Quindi sigillare e coprire con cura la piastra con un foglio di alluminio per un'incubazione di due giorni in una camera Celsius di 24 gradi. Alla fine del periodo di trasformazione, trasferire le foglie lato abassiale verso l'alto, al mezzo induttivo indissolubile, raschiato con pinzette per un'incubazione di una settimana nel gabinetto di crescita. Alla fine dell'incubazione, trasferire le foglie, lato abassiale verso l'alto, su un mezzo di induttore di germogli raschiato con pinze e incubare le foglie in un armadio di crescita.
Quando gli scivoli emersi sono alti circa due centimetri, tagliare tre scivoli emergenti da ogni ingenuo. Posizionare fino a cinque diversi eventi di trasformazione dello scivolo in singole fiasche di coltura contenenti mezzo MG integrato con cefotaxime sodio per consentire il rooting ed etichettare il sottoinsieme come appropriato per un'incubazione di tre o quattro settimane nell'armadio di crescita fino a quando gli scivoli non sono vigorosi. Al termine dell'incubazione, selezionare la pianta più vigorosa di ogni evento e tagliare i segmenti apicici dello scivolo con tre o quattro internodi da ogni pianta.

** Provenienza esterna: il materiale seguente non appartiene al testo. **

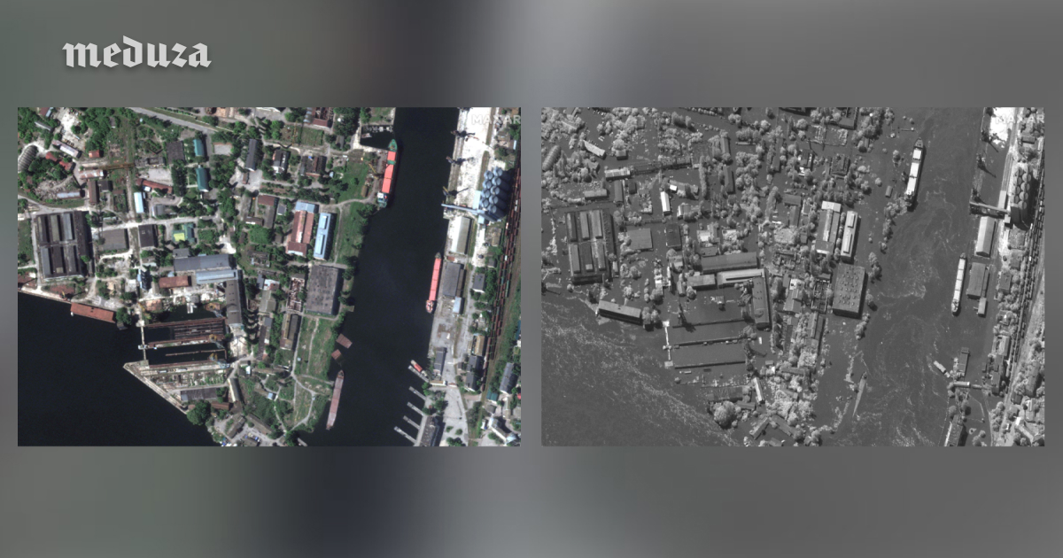 Компания Maxar Technologies представила спутниковые снимки, на которых видны последствия прорыва плотины Каховской ГЭС в Херсонской области Украины. При сравнении снимков от 15 мая (вверху) и от 6 июня (внизу) видно, как изменились порт и промышленная зона Херсона из-за подъема воды в Днепре. Ранее журналисты-расследователи <a href="https://open-mind-network.online/feature/2023/06/06/zhurnalisty-rassledovateli-opublikovali-pervye-sputnikovye-snimki-gde-vidny-povrezhdeniya-na-kahovskoy-ges" rel="noopener noreferrer" target="_blank">опубликовали</a> спутниковые снимки, где видны повреждения на Каховской ГЭС. Украина и Россия обвиняют друг друга в разрушении плотины, вызвавшей затопление. Подробнее о том, что произошло с Каховской ГЭС, <a href="https://open-mind-network.online/feature/2023/06/06/chto-vse-taki-proizoshlo-s-kahovskoy-ges-i-k-chemu-vse-eto-privedet" rel="noopener noreferrer" target="_blank">читайте здесь</a>.

Posizionare i segmenti in un pallone da coltura contenente mezzo 2MS integrato con cefotaxime sodio e far crescere le piante fino a sviluppare scivoli e radici vigorosi. Per eseguire un saggio gene del reporter istochimico beta-glucuronidasi o GUS, fissare le radici da una coltura vegetale in vitro di due o tre settimane con acetone refrigerato al 90% per 20 minuti sul ghiaccio. Al termine della fissazione, lavare le radici due volte in acqua distillata e trattare le radici con soluzione di colorazione GUS fresca sotto vuoto per 20 minuti.
Alla fine del trattamento sottovuoto, posizionare le radici a 37 gradi Celsius al buio per circa quattro ore. Quando è visibile un colore blu, lavare le radici due volte con il 70% di etanolo e visualizzare la colorazione al microscopio a campo luminoso. Le radici pelose trasformate mostrano una florescenza rossa quando illuminate con luce verde, mentre il controllo negativo dell'agrobatterio non trasformato non dimostra tale florescence, indicando l'idoneità del marcatore di trasformazione rossa DS per identificare le radici pelose transgeniche.

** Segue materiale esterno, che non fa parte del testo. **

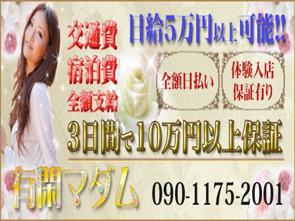 | 仕事内容 | デリバリーヘルス 稼げる高収入をお約束 【最低☆保証制度】 ☆体験入店をして頂いた貴女には最低保証金として☆ ★1日の保証金額 30,000円 ★3日の保証金額 100,000円 ★7日の保証金額 200,000円 ☆上記以上の金額をお約束致します!! ※1日8時間待機して頂いた場合、上記のお給料を最低額として当日来て頂いた日に確実にお渡し致します。 【お問い合わせ】 090-1175-2001 090-5717-6671 【問い合わせメール】 madam-2001@ezweb.ne.jp 稼ぎだい彼女! 必ず稼げます!! 必ず稼がせます!!! ご相談はお気軽にメールかお電話にてお待ちしております。 |

Qui sono mostrate la colorazione GUS nelle radici di piante transgeniche ottenute da A.tumefaciens e radici pelose transgeniche ottenute da A.rhizogenes. Come osservato, le radici trasformate con A, tumefaciens e coltivate in vitro, dimostrano la colorazione blu nell'endodermide, uno strato cellulare tra la corteccia e la stele. Nelle radici più sviluppate, l'etichettatura blu è irregolare nello strato esterno, corrispondente all'esodermide.
Nelle radici pelose trasformate ottenute da A.rhizogenes, e coltivate in idroponica, il marcatore GUS si trova specificamente all'interno dell'endodermide nell'emergere di radici laterale nelle aree ferite e nell'esodermide. Oltre ad essere un metodo veloce, le radici transgeniche ottenute con l'agrobatterio rizogene trasportavano anche il DNA dal plasmide che induce radici, che può deregolamentare alcuni processi direttamente controllati. Le radici pelose transgeniche ottenute con agrobacterium rhizogenes possono essere mantenute mentre sparano, ma in alternativa possono essere in loco fino a propagarsi in vitro per una produzione di transito massiccio.

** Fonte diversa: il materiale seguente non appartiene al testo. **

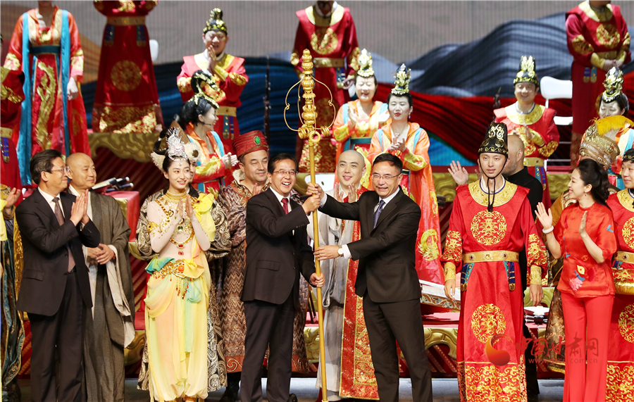 《玄奘西行》作為世界首部大型民族器樂劇,以絲綢之路文化交流使者玄奘的歷史故事為題材,集多民族樂器演奏和戲劇表演為一體,集中展示了敦煌莫高窟壁畫復(fù)原古樂器及古絲綢之路各民族傳統(tǒng)音樂的美妙旋律,體現(xiàn)了當(dāng)代民族音樂的繼承與創(chuàng)新精神,是我國民族器樂舞臺(tái)藝術(shù)的高峰之作。演出結(jié)束后,中央民族樂團(tuán)向甘肅省文藝院團(tuán)捐贈(zèng)舞美道具,并指導(dǎo)幫助甘肅省文藝院團(tuán)實(shí)現(xiàn)《玄奘西行》的常態(tài)化駐場演出,為甘肅省再添一張靚麗的文藝名片。

La trasformazione della patata fornisce un buon strumento per controllare la funzione genica e l'attivazione del promotore, e anche per produrre regole metodologiche in una specie di alto interesse agronomico. L'organismo geneticamente modificato deve essere scartato in modo sicuro dopo l'uso per evitare la contaminazione ambientale. Inoltre, la soluzione di gas contiene derivati tossici del cianuro, quindi protezione dall'usura e scartare la soluzione in modo sicuro.